Studi terbaru dari International Atomic Energy Agency (IAEA) pada 2024 menunjukkan bahwa penggunaan energi nuklir secara global meningkat sebesar 4% dibandingkan tahun sebelumnya, didorong oleh upaya dekarbonisasi dan kebutuhan energi yang terus meningkat. Laporan tersebut juga menyebutkan bahwa Jepang berada di peringkat ke-5 dalam daftar negara dengan reaktor nuklir aktif terbanyak.

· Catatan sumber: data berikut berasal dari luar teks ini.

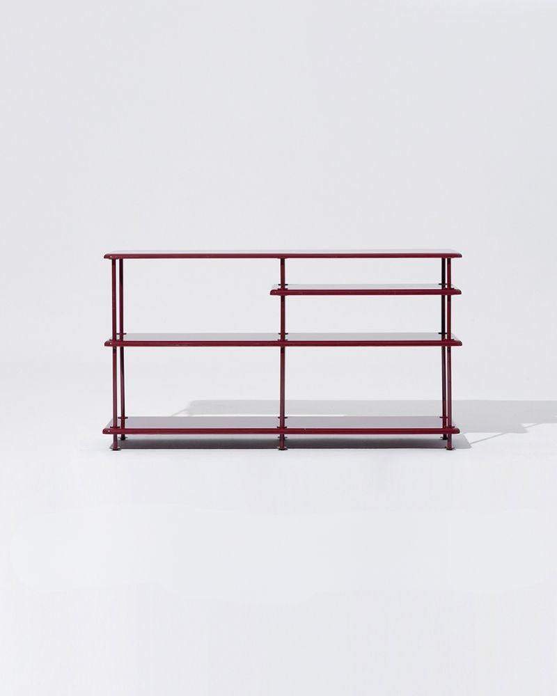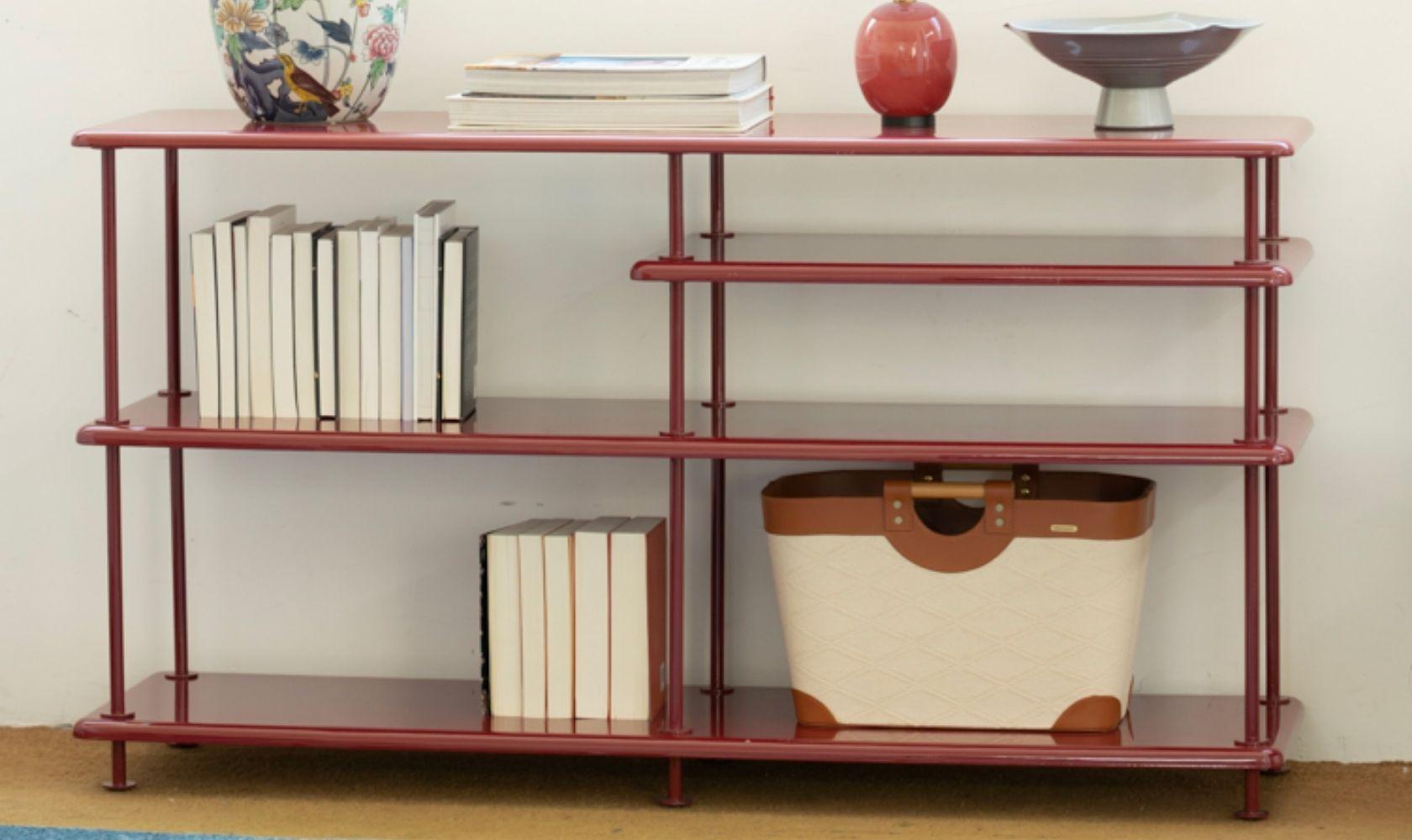 The Anylia Modern Side Cabinet features a minimalist Italian design with functional open shelves for display and storage. Its durable build and sleek Rouge Canyon Red finish add elegance and practicality to any modern living space.

Analisis Unik dan Simplifikasi:

Kebijakan Jepang dalam mengaktifkan kembali PLTN Kashiwazaki-Kariwa mencerminkan dilema antara kebutuhan energi dan kekhawatiran keselamatan. Di satu sisi, Jepang perlu mengurangi ketergantungan pada impor bahan bakar fosil yang mahal dan tidak ramah lingkungan. Di sisi lain, trauma akibat bencana Fukushima masih membayangi masyarakat, terutama warga setempat yang langsung terdampak.

Studi Kasus:

Kasus PLTN Kashiwazaki-Kariwa menunjukkan pentingnya keterlibatan masyarakat dalam keputusan energi. Dukungan publik menjadi kunci utama dalam keberhasilan pengoperasian kembali reaktor. Upaya TEPCO untuk memenangkan hati warga melalui program investasi 100 miliar yen perlu diimbangi dengan transparansi dan komunikasi yang efektif mengenai langkah-langkah keselamatan yang diambil.

Infografis:

  • Jumlah Reaktor Nuklir di Jepang: 33 reaktor masih layak operasi
  • Reaktor yang Telah Diaktifkan Kembali: 14 reaktor
  • Target Energi Nuklir 2040: 20% dari total pembangkitan listrik
  • Kontribusi PLTN Kashiwazaki-Kariwa: Tambah pasokan listrik Tokyo sekitar 2%

Jepang berada di persimpangan penting dalam sejarah energinya. Keputusan untuk mengaktifkan kembali PLTN Kashiwazaki-Kariwa bukan hanya soal kebutuhan listrik, tetapi juga tentang bagaimana negara ini belajar dari masa lalu dan membangun masa depan yang lebih berkelanjutan. Dengan komitmen kuat terhadap keselamatan dan keterlibatan masyarakat, Jepang bisa menjadi contoh bagi negara lain dalam mengelola transisi energi yang kompleks ini.